Task to complete: Each line of the listing, apart from the pictures, is to be printed exactly.

Given information:
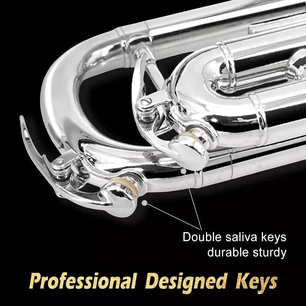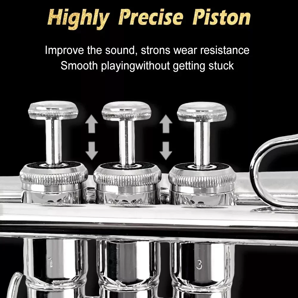 The sound and timbre of Bb trumpet are pure and bright, abundant and powerful, with excellent vibration. Also a user-friendly brass instrument for beginners and students.
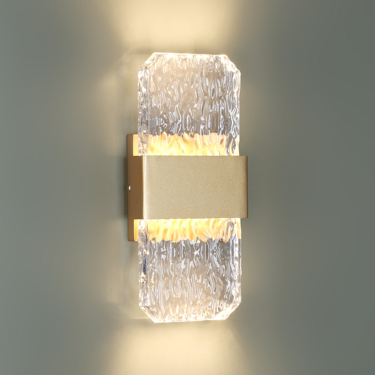 Marlow Small Gold with Textured Glass 2 Light Tri-Colour LED Contemporary Exterior
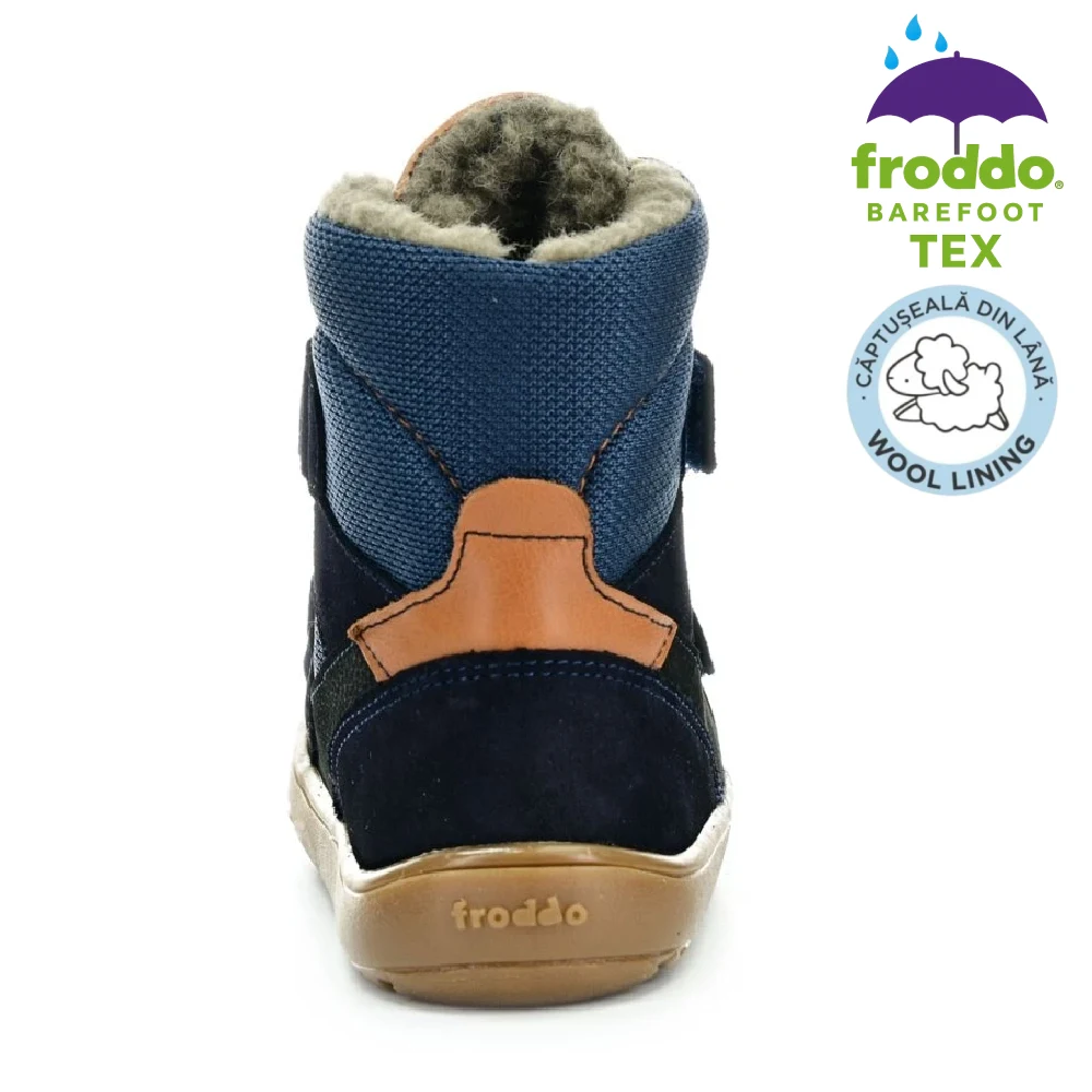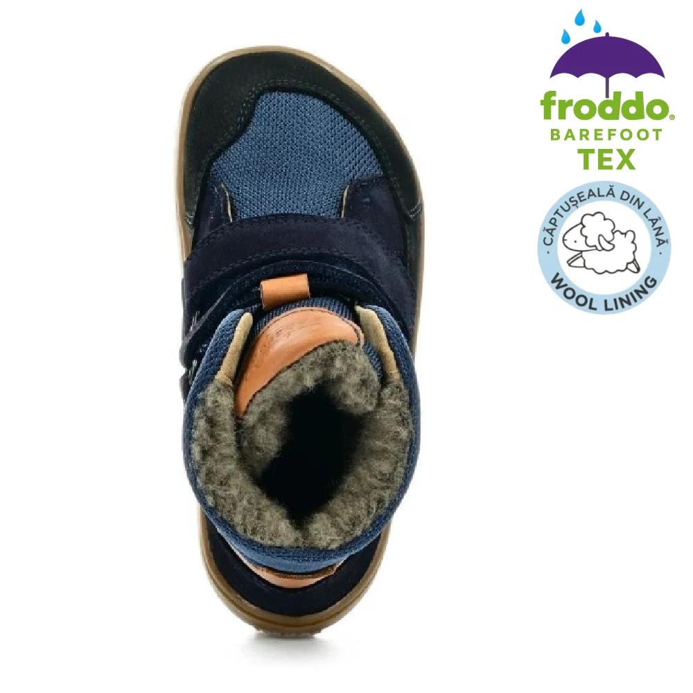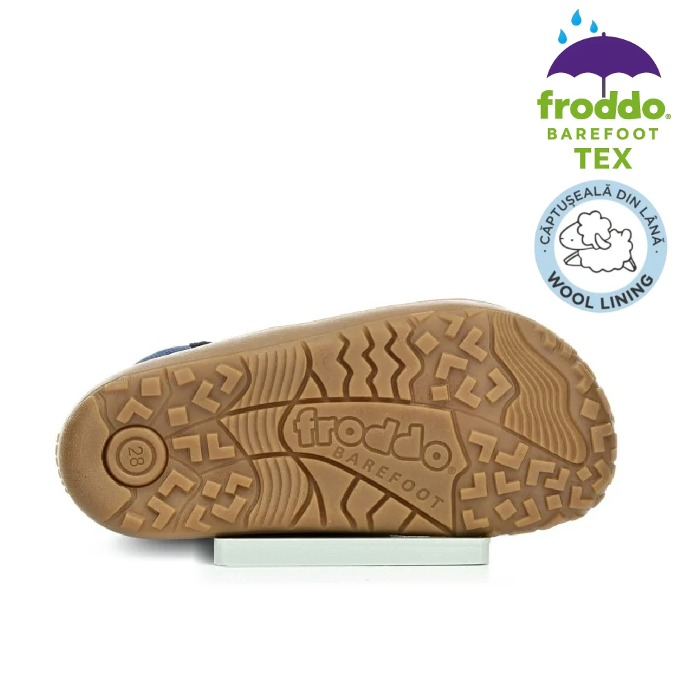 Cizmele oferă flexibilitate excepțională, confort termic și impermeabilitate reală datorită membranei TEX. Fac parte din linia Barefoot Up, creată special cu spațiu suplimentar pentru degete și partea superioară a piciorului, imitând mersul desculț. Extrem de ușoare și respirabile, perfecte pentru joacă activă, mers și explorare. Froddo folosește doar materiale sigure și procese sustenabile.

Worked solution:
 The sound and timbre of Bb trumpet are pure and bright, abundant and powerful, with excellent vibration. Also a user-friendly brass instrument for beginners and students.
 Marlow Small Gold with Textured Glass 2 Light Tri-Colour LED Contemporary Exterior
 Cizmele oferă flexibilitate excepțională, confort termic și impermeabilitate reală datorită membranei TEX. Fac parte din linia Barefoot Up, creată special cu spațiu suplimentar pentru degete și partea superioară a piciorului, imitând mersul desculț. Extrem de ușoare și respirabile, perfecte pentru joacă activă, mers și explorare. Froddo folosește doar materiale sigure și procese sustenabile.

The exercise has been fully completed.